While final in Canada, the case may not be final everywhere.
In the case that just won’t die, the lawsuit has imposed on various courts in various jurisdictions for decades, and the lawsuit may still find its way into other courts in other states.
A US appeals court in 2016 blocked the enforcement of the $9.5 billion judgement handed down by an Ecuadorian court against Chevron. The US appeals court supported a lower court ruling in 2014 that found the case against Chevron, initiated in an Ecuadorean court, was the product of fraud and racketeering, complete with fraudulent evidence and bribery of the Ecuadorean judge.
Undeterred by the two lower court rulings in the US, the case was submitted to the US Supreme court, which refused to hear the appeal.
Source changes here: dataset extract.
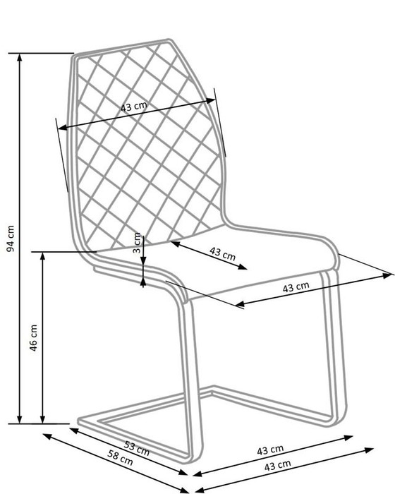 Jídelní židle K265 43 x 58 x 94 cm nohy jsou vyrobeny z černého kovu, sedák a opěrák je potažen hnědou koženkou, záda z laminované překližky. Výška sedu je 46 cm.

But the lawyers didn’t stop there, wanting to take even more stabs at the lawsuit by trying the case in Canada, this time targeting Chevron’s Canadian arm. It also tried its hand in Gibraltar, Brazil, and Argentina, also to no avail. Even the Hague has heard the case. It, too, ruled in Chevron’s favor, saying that the fraudulent Ecuadorian judgement “violates international public policy” and “should not be recognised or enforced by the courts of other States.”
The Hague ruling holds Ecuador liable for cost or damage to Chevron if the judgement were to be enforced anywhere in the world.
Chevron has never even operated in Ecuador, but it purchased Texaco Petroleum in 2001, and TexPet—together with state-owned Petroecuador, operated there between 1964 and 1992. TexPet disentangled itself from Ecuador in 1992, returning its share in the projects to Petroecuador. Chevron says that TexPet spent millions remedying the area now under dispute, adding that it had been fully released from further liability in 1998 by Ecuador.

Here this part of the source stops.